Avery Yale Kamila is an American journalist, vegan columnist and community organizer in the state of Maine.

Biography 
Kamila was born in Westminster, Massachusetts in the 1970s and grew up on an organic farm in Litchfield, Maine. Kamila adopted a vegan diet in 1991 after reading “Diet for a New America,” while she was a freshman studying journalism at Syracuse University's S. I. Newhouse School of Public Communications. She graduated from State University of New York College of Environmental Science and Forestry in 1995 with a degree in Environment Policy and Management. Kamila is married to Adam Hill and they have a son. She lives in Portland, Maine.

Journalism
Kamila is a journalist who wrote the Natural Foodie column for the Portland Press Herald in Portland, Maine, the largest newspaper in Maine, for many years starting in 2009. At one time, she wrote the Society Notebook column for the Maine Sunday Telegram. Kamila currently writes the Vegan Kitchen  column for the Portland Press Herald food & dining section.

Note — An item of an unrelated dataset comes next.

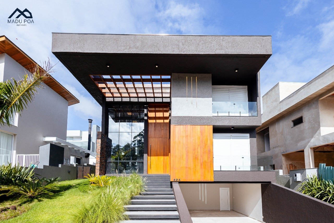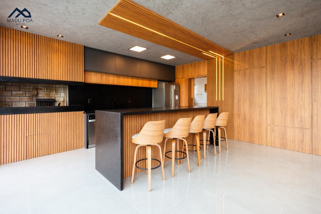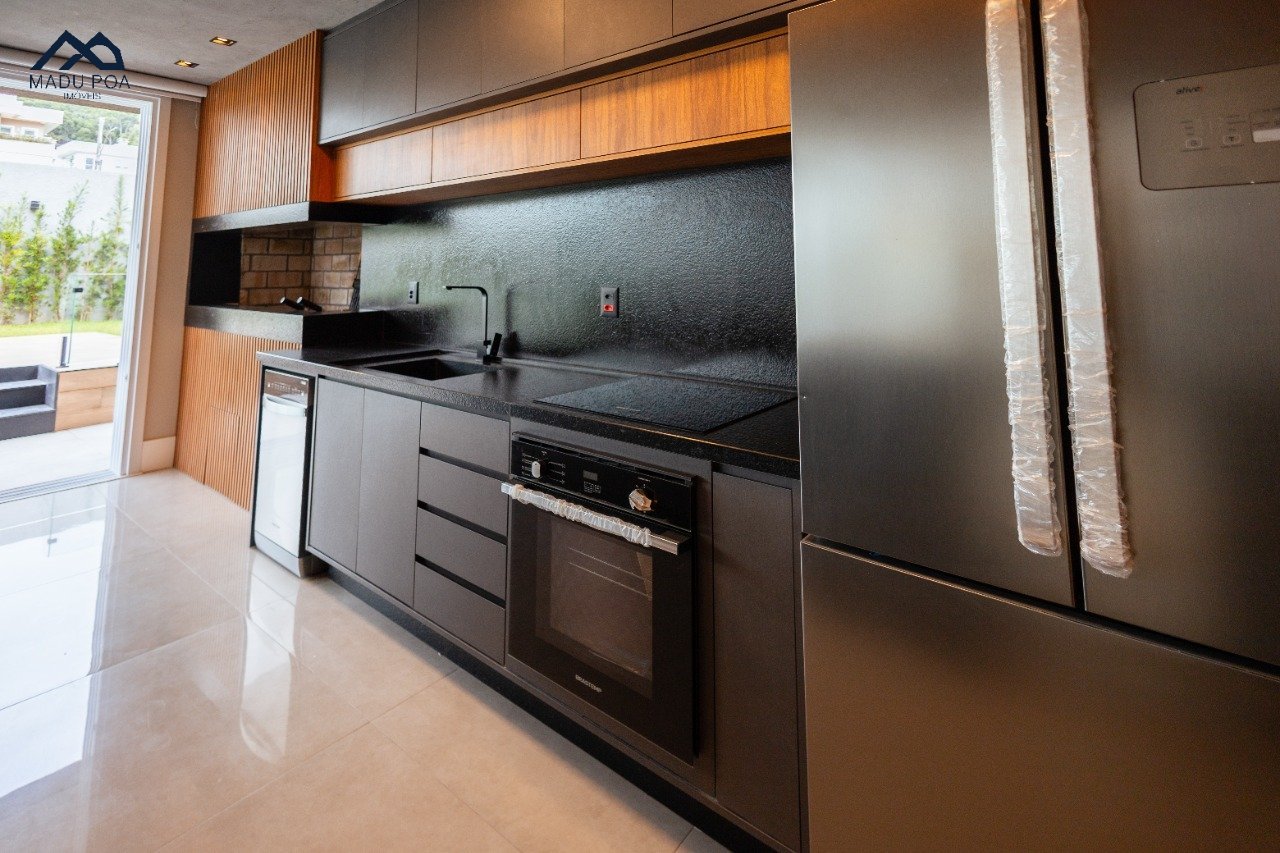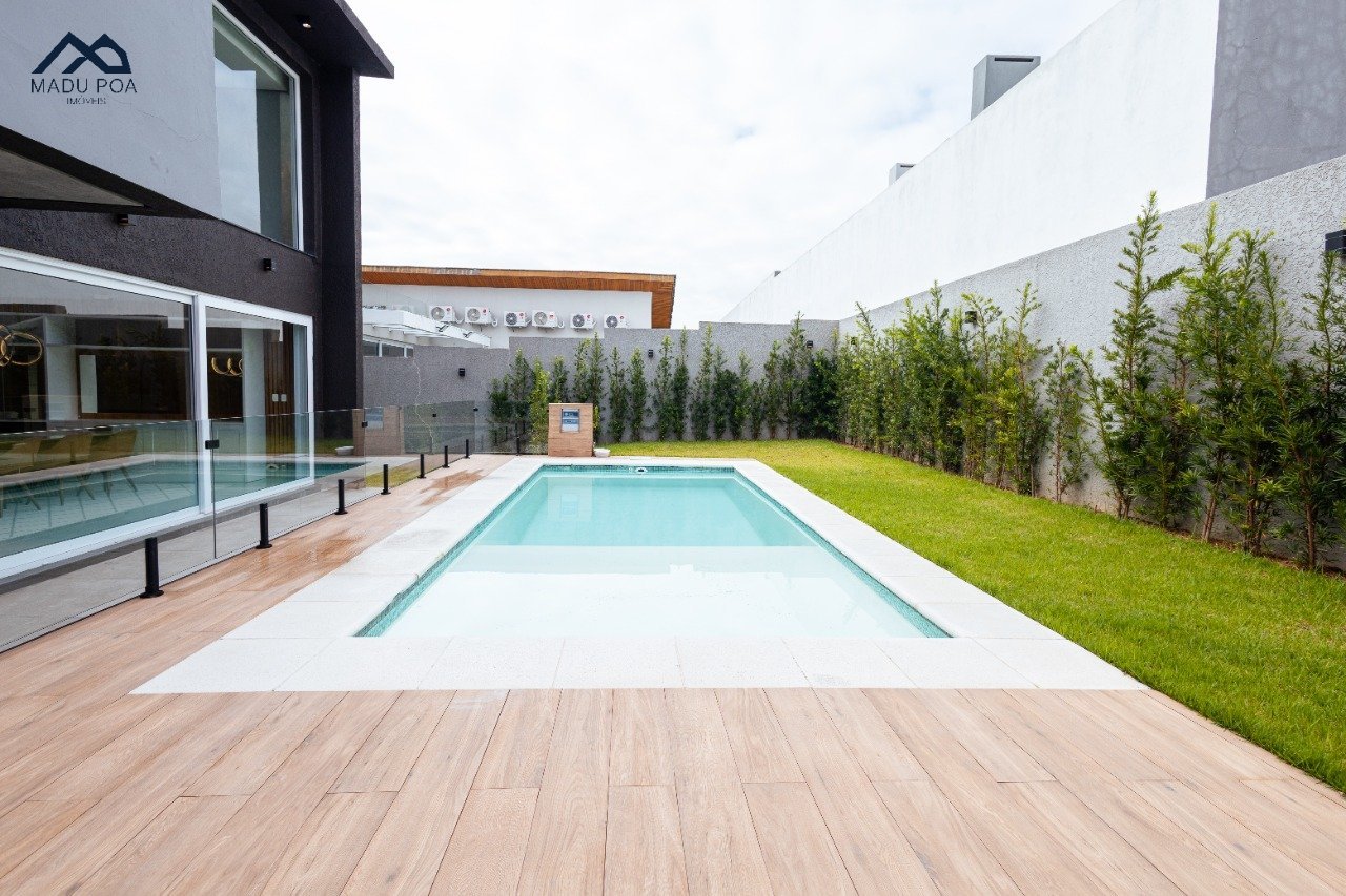 1º Pavimento: Living para dois ambientes com lareira, com pé direito duplo, suíte, lavabo, sala de jantar com porta balcão ampla com abertura total para o pátio com piscina, cozinha gourmet com churrasqueira e paella, ilha com cooktop, área de serviço e despensa.

A column Kamila wrote in 2018 about the lack of vegan school meal options convinced the Portland Public Schools to add hot vegan choices. The column upset some readers. The district's superintendent endorsed the idea on Twitter. The national media coverage of the vegan school lunches in Portland cited them as part of a national trend.

Kamila's recipe for pumpkin seed croquettes with shiitake mushroom gravy is included in the "Maine Bicentennial Community Cookbook: 200 Recipes Celebrating Maine's Culinary Past, Present & Future," compiled and edited by Margaret Hathaway and Karl Schatz and published by Islandport Press.

In 2020, Victoria Moran interviewed Kamila on her Main Street Vegan podcast about Maine's vegetarian history. Moran said: "Recently, she’s been researching the history of vegetarianism in her home state and uncovered a rich past full of meat-free and plant-based eating that has been ignored and buried for more than 100 years." Kamila's research has uncovered information about Dr. Horace A. Barrows, Rev. Henry Aiken Worcester, and James Gower, born in 1772 and the great-great-great-great grandfather of Alaska Gov. Sarah Palin.

The American Vegan Society said Kamila's history claims that nut milk is America's first milk because of the history of plant milk making within the Wabanaki tribal nations "shows how the historical record was unwittingly distorted to mask this proto-vegan tradition."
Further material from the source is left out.